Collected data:
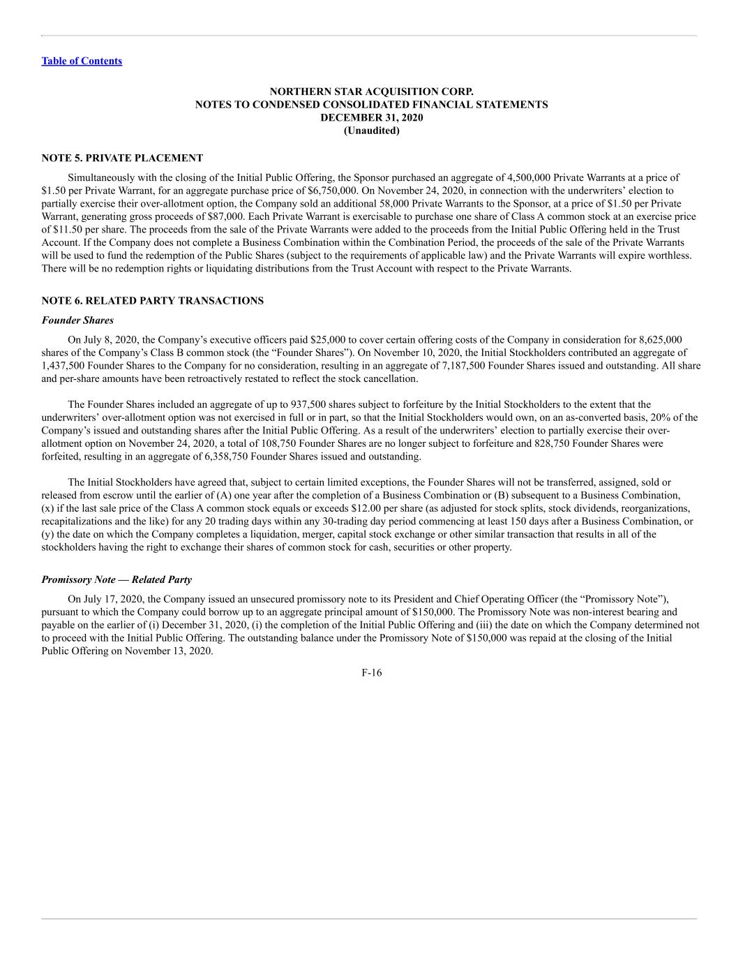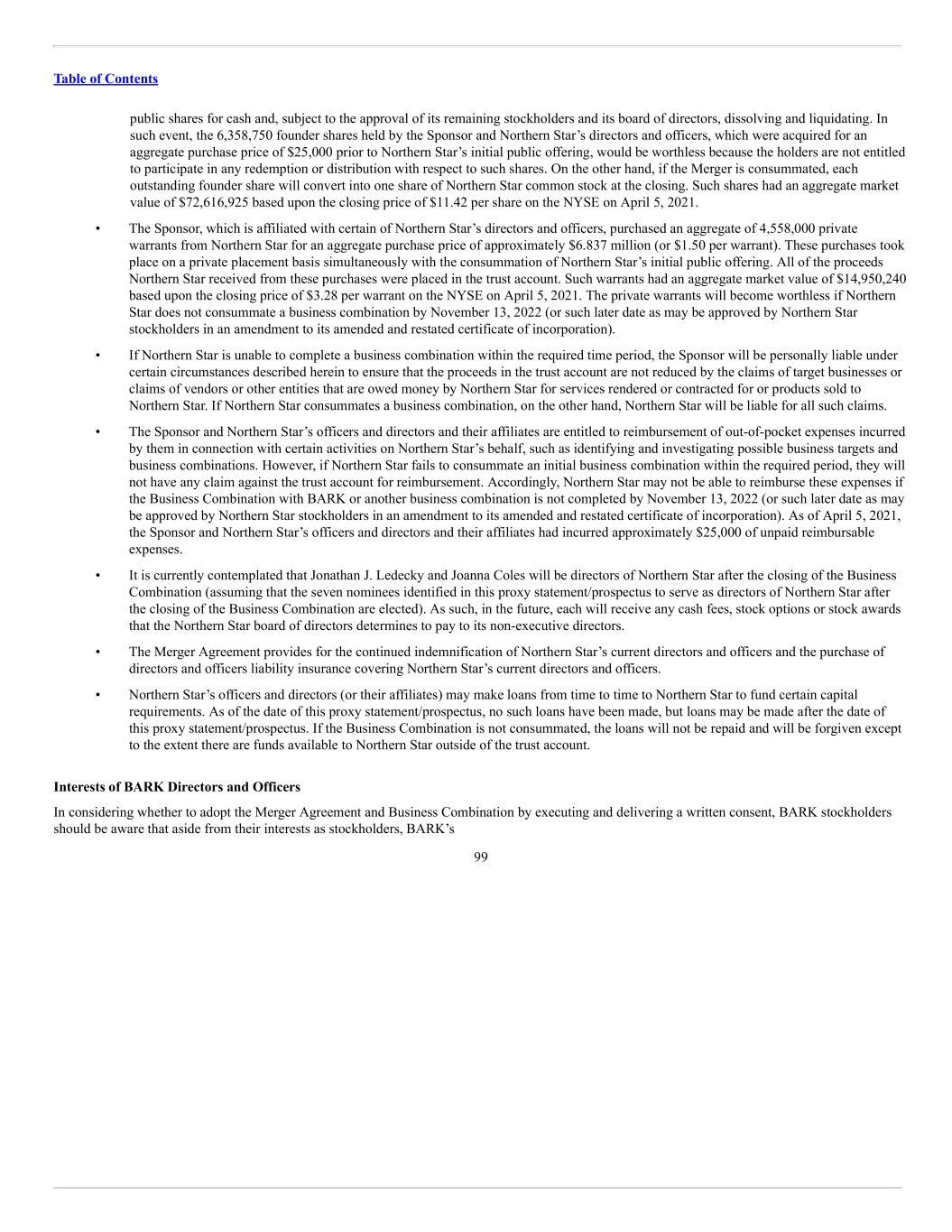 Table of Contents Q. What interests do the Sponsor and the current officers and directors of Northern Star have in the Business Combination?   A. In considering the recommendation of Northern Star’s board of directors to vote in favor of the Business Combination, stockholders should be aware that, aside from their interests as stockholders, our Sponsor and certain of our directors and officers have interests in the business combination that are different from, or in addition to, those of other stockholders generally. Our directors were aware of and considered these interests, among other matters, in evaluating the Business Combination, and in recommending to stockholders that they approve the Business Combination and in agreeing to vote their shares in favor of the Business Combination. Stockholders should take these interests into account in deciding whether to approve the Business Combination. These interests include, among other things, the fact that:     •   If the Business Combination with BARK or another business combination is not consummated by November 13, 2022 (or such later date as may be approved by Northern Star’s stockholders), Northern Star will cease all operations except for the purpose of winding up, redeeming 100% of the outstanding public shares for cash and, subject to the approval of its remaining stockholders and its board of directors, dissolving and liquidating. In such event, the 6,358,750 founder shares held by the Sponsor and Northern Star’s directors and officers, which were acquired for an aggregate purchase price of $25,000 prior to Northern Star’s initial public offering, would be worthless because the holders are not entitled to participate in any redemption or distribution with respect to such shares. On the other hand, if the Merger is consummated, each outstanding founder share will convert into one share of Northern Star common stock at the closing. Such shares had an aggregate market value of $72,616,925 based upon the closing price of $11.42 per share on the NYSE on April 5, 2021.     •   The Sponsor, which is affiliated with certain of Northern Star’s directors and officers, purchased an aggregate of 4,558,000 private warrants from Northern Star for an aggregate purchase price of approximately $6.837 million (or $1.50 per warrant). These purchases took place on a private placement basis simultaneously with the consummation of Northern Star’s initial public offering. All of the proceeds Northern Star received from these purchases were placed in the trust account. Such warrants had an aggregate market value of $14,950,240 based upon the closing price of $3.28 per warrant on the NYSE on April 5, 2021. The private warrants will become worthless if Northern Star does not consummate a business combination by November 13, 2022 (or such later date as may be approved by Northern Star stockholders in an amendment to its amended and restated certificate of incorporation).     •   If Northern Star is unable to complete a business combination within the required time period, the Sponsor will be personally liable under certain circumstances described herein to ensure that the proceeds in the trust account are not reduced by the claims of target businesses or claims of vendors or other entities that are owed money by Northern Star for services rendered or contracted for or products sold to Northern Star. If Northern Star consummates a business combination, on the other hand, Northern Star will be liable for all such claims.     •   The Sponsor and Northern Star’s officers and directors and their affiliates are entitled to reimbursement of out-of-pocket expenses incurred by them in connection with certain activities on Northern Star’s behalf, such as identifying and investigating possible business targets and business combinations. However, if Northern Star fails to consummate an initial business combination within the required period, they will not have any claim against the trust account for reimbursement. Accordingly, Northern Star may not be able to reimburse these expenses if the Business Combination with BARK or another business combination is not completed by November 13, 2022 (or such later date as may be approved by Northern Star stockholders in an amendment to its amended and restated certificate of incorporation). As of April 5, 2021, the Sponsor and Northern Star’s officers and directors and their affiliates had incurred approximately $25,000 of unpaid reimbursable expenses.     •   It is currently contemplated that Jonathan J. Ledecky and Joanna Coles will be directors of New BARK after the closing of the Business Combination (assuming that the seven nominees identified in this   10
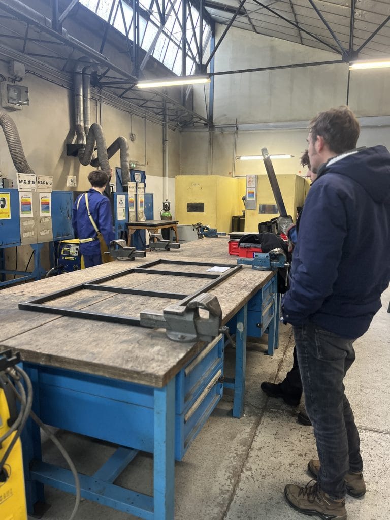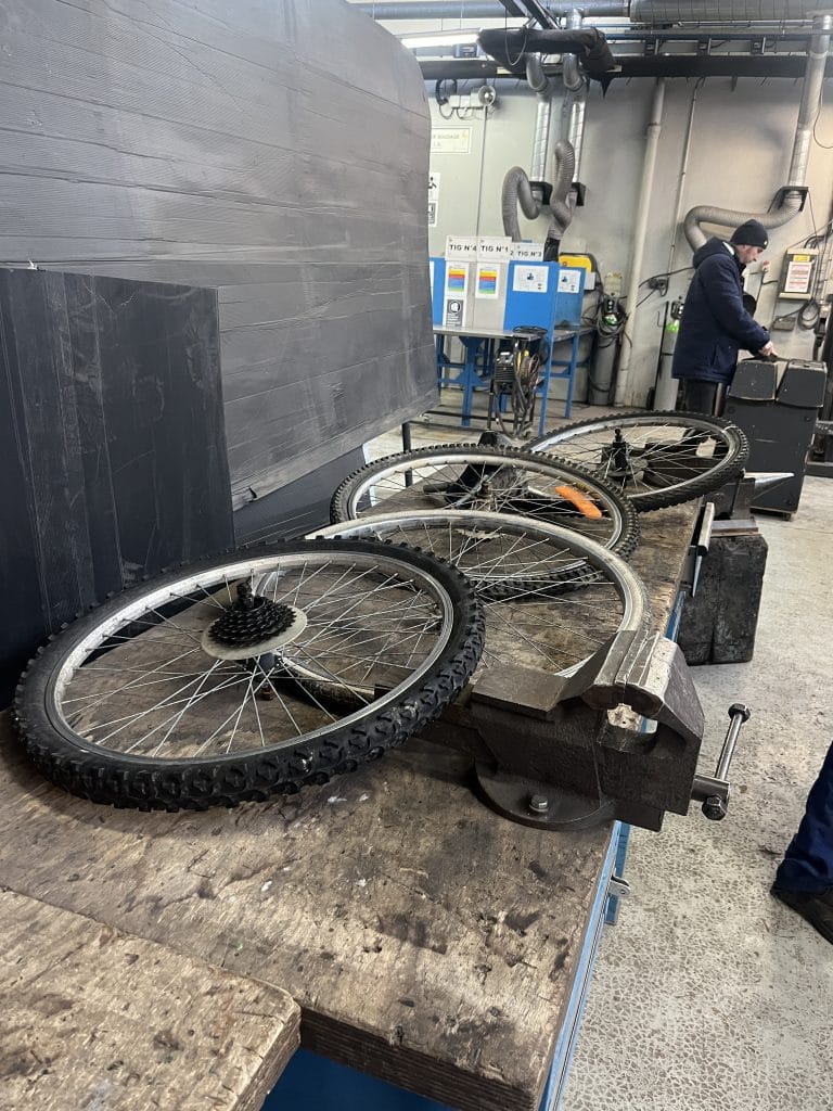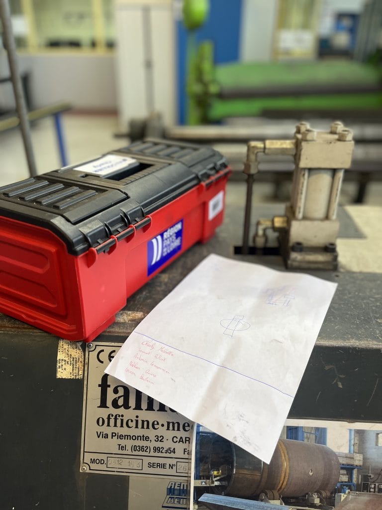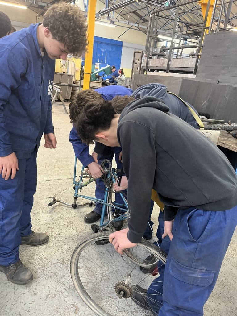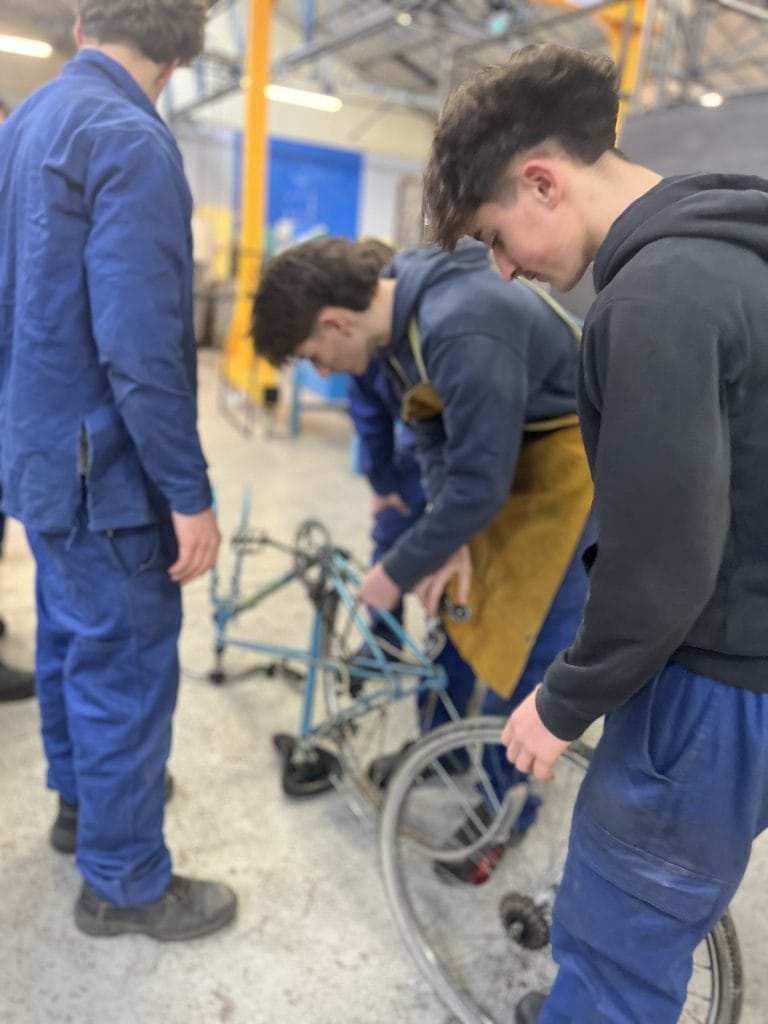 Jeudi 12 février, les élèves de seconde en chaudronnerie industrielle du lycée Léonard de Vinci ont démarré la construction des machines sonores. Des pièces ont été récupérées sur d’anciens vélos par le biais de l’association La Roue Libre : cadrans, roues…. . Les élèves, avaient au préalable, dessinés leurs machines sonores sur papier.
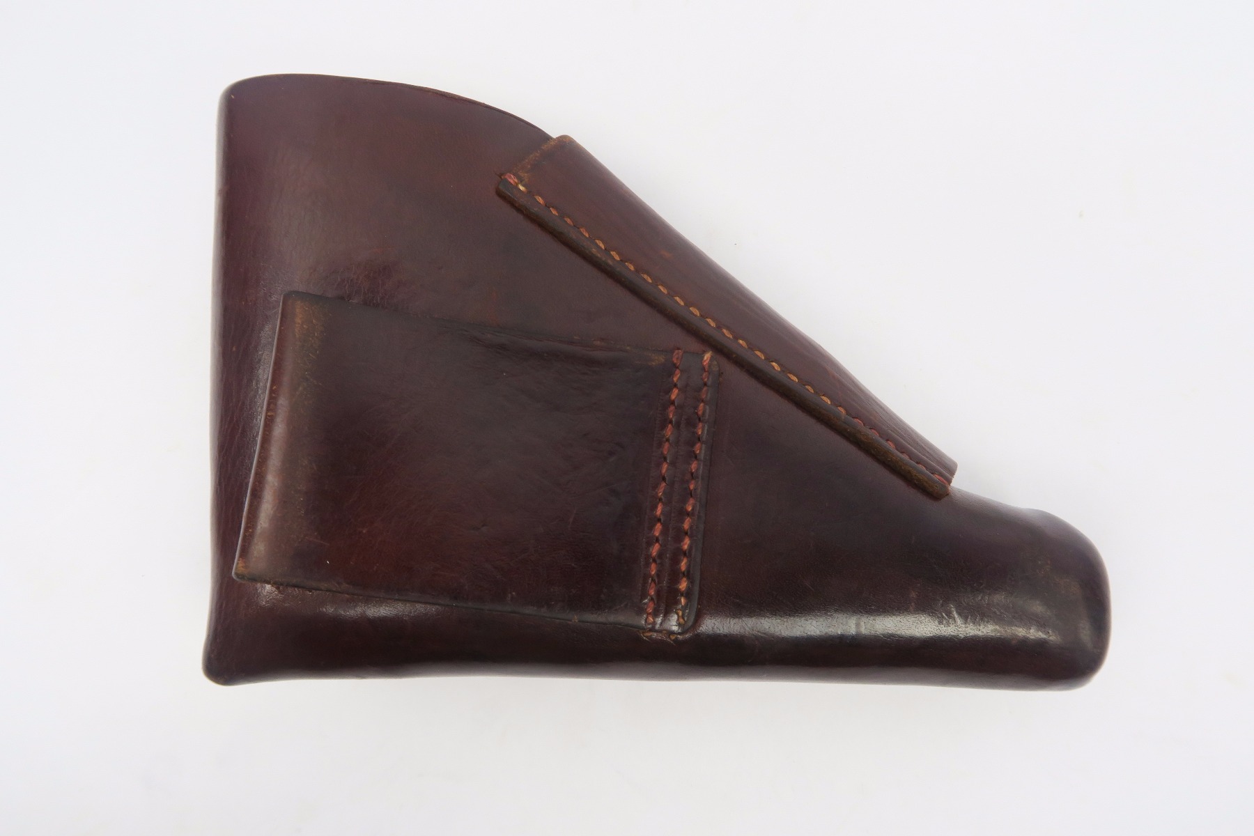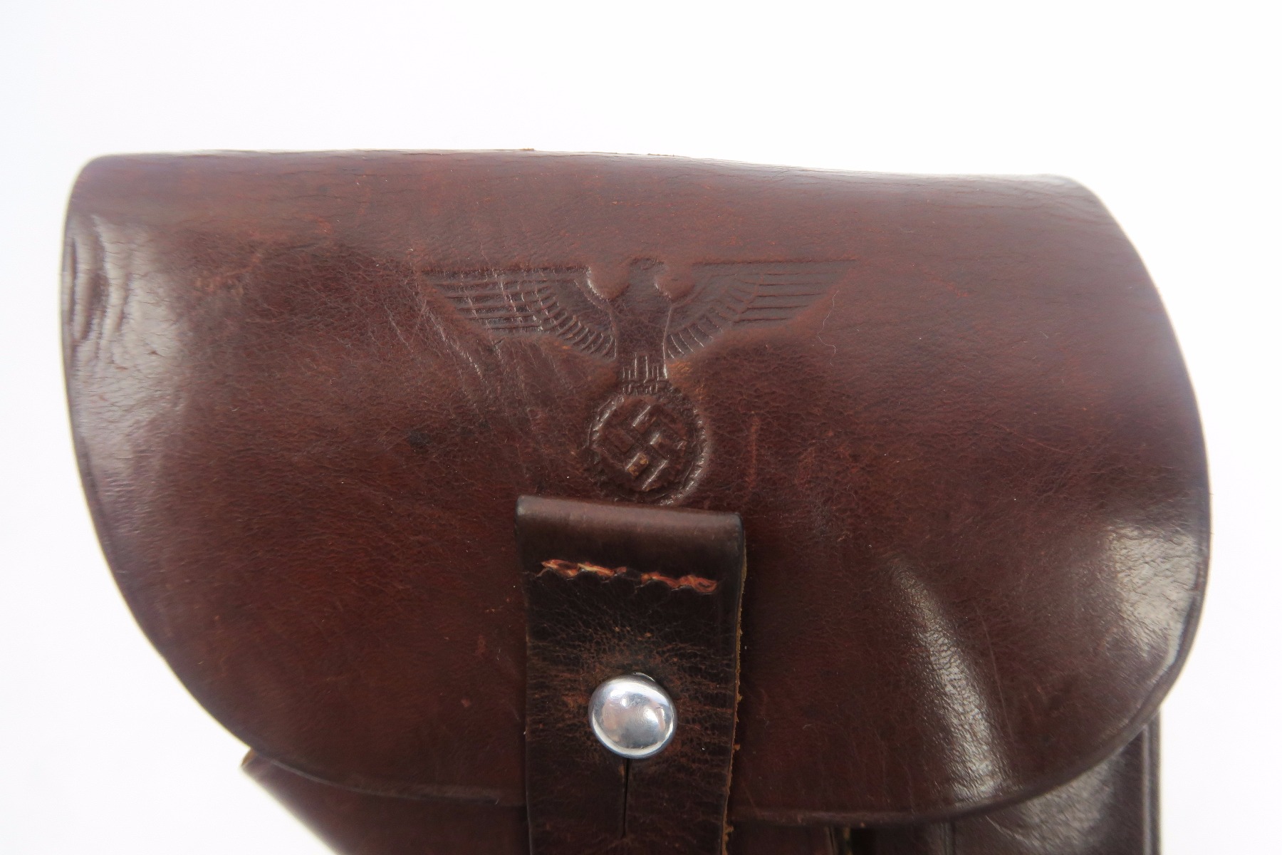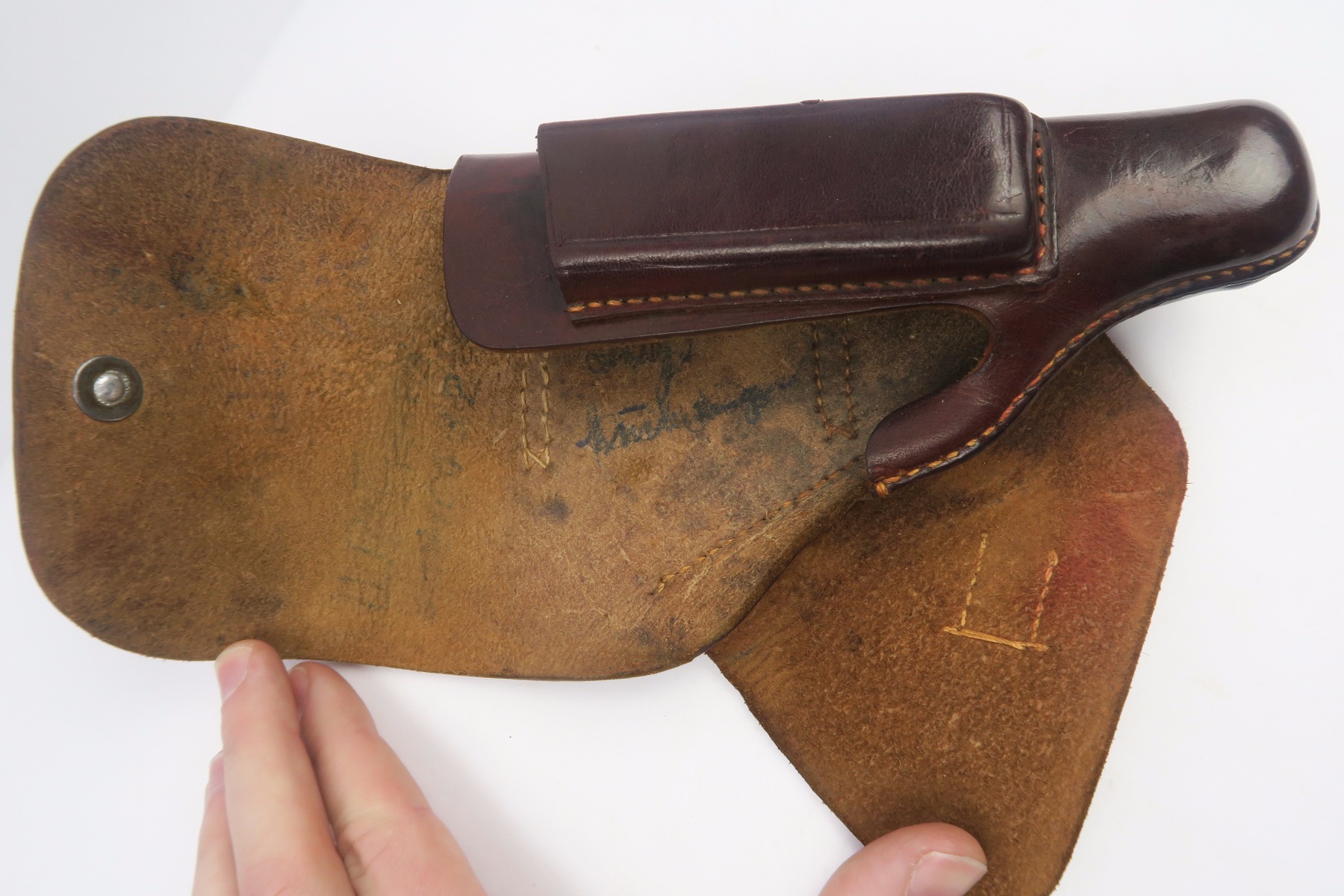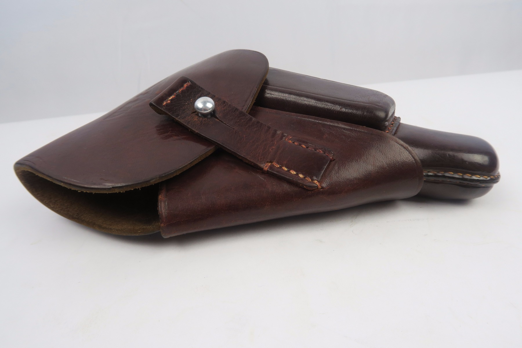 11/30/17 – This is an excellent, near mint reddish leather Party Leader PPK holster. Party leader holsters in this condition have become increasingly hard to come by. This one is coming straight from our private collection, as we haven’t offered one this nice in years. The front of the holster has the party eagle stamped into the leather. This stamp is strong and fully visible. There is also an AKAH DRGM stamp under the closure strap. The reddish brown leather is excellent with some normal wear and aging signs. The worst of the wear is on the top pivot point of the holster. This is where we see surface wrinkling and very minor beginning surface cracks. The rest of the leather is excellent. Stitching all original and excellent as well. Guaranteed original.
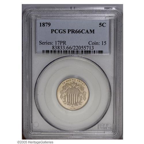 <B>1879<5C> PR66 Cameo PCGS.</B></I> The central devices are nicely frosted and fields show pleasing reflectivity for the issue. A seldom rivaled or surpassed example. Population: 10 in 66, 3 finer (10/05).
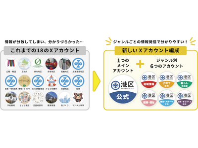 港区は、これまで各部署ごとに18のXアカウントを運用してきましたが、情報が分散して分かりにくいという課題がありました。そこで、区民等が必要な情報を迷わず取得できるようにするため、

■ Description of the task
Copy every line of the data word for word, omitting the images.

■ Answer area
 Table of Contents Q. What interests do the Sponsor and the current officers and directors of Northern Star have in the Business Combination?   A. In considering the recommendation of Northern Star’s board of directors to vote in favor of the Business Combination, stockholders should be aware that, aside from their interests as stockholders, our Sponsor and certain of our directors and officers have interests in the business combination that are different from, or in addition to, those of other stockholders generally. Our directors were aware of and considered these interests, among other matters, in evaluating the Business Combination, and in recommending to stockholders that they approve the Business Combination and in agreeing to vote their shares in favor of the Business Combination. Stockholders should take these interests into account in deciding whether to approve the Business Combination. These interests include, among other things, the fact that:     •   If the Business Combination with BARK or another business combination is not consummated by November 13, 2022 (or such later date as may be approved by Northern Star’s stockholders), Northern Star will cease all operations except for the purpose of winding up, redeeming 100% of the outstanding public shares for cash and, subject to the approval of its remaining stockholders and its board of directors, dissolving and liquidating. In such event, the 6,358,750 founder shares held by the Sponsor and Northern Star’s directors and officers, which were acquired for an aggregate purchase price of $25,000 prior to Northern Star’s initial public offering, would be worthless because the holders are not entitled to participate in any redemption or distribution with respect to such shares. On the other hand, if the Merger is consummated, each outstanding founder share will convert into one share of Northern Star common stock at the closing. Such shares had an aggregate market value of $72,616,925 based upon the closing price of $11.42 per share on the NYSE on April 5, 2021.     •   The Sponsor, which is affiliated with certain of Northern Star’s directors and officers, purchased an aggregate of 4,558,000 private warrants from Northern Star for an aggregate purchase price of approximately $6.837 million (or $1.50 per warrant). These purchases took place on a private placement basis simultaneously with the consummation of Northern Star’s initial public offering. All of the proceeds Northern Star received from these purchases were placed in the trust account. Such warrants had an aggregate market value of $14,950,240 based upon the closing price of $3.28 per warrant on the NYSE on April 5, 2021. The private warrants will become worthless if Northern Star does not consummate a business combination by November 13, 2022 (or such later date as may be approved by Northern Star stockholders in an amendment to its amended and restated certificate of incorporation).     •   If Northern Star is unable to complete a business combination within the required time period, the Sponsor will be personally liable under certain circumstances described herein to ensure that the proceeds in the trust account are not reduced by the claims of target businesses or claims of vendors or other entities that are owed money by Northern Star for services rendered or contracted for or products sold to Northern Star. If Northern Star consummates a business combination, on the other hand, Northern Star will be liable for all such claims.     •   The Sponsor and Northern Star’s officers and directors and their affiliates are entitled to reimbursement of out-of-pocket expenses incurred by them in connection with certain activities on Northern Star’s behalf, such as identifying and investigating possible business targets and business combinations. However, if Northern Star fails to consummate an initial business combination within the required period, they will not have any claim against the trust account for reimbursement. Accordingly, Northern Star may not be able to reimburse these expenses if the Business Combination with BARK or another business combination is not completed by November 13, 2022 (or such later date as may be approved by Northern Star stockholders in an amendment to its amended and restated certificate of incorporation). As of April 5, 2021, the Sponsor and Northern Star’s officers and directors and their affiliates had incurred approximately $25,000 of unpaid reimbursable expenses.     •   It is currently contemplated that Jonathan J. Ledecky and Joanna Coles will be directors of New BARK after the closing of the Business Combination (assuming that the seven nominees identified in this   10
 Jeudi 12 février, les élèves de seconde en chaudronnerie industrielle du lycée Léonard de Vinci ont démarré la construction des machines sonores. Des pièces ont été récupérées sur d’anciens vélos par le biais de l’association La Roue Libre : cadrans, roues…. . Les élèves, avaient au préalable, dessinés leurs machines sonores sur papier.
 11/30/17 – This is an excellent, near mint reddish leather Party Leader PPK holster. Party leader holsters in this condition have become increasingly hard to come by. This one is coming straight from our private collection, as we haven’t offered one this nice in years. The front of the holster has the party eagle stamped into the leather. This stamp is strong and fully visible. There is also an AKAH DRGM stamp under the closure strap. The reddish brown leather is excellent with some normal wear and aging signs. The worst of the wear is on the top pivot point of the holster. This is where we see surface wrinkling and very minor beginning surface cracks. The rest of the leather is excellent. Stitching all original and excellent as well. Guaranteed original.
 <B>1879<5C> PR66 Cameo PCGS.</B></I> The central devices are nicely frosted and fields show pleasing reflectivity for the issue. A seldom rivaled or surpassed example. Population: 10 in 66, 3 finer (10/05).
 港区は、これまで各部署ごとに18のXアカウントを運用してきましたが、情報が分散して分かりにくいという課題がありました。そこで、区民等が必要な情報を迷わず取得できるようにするため、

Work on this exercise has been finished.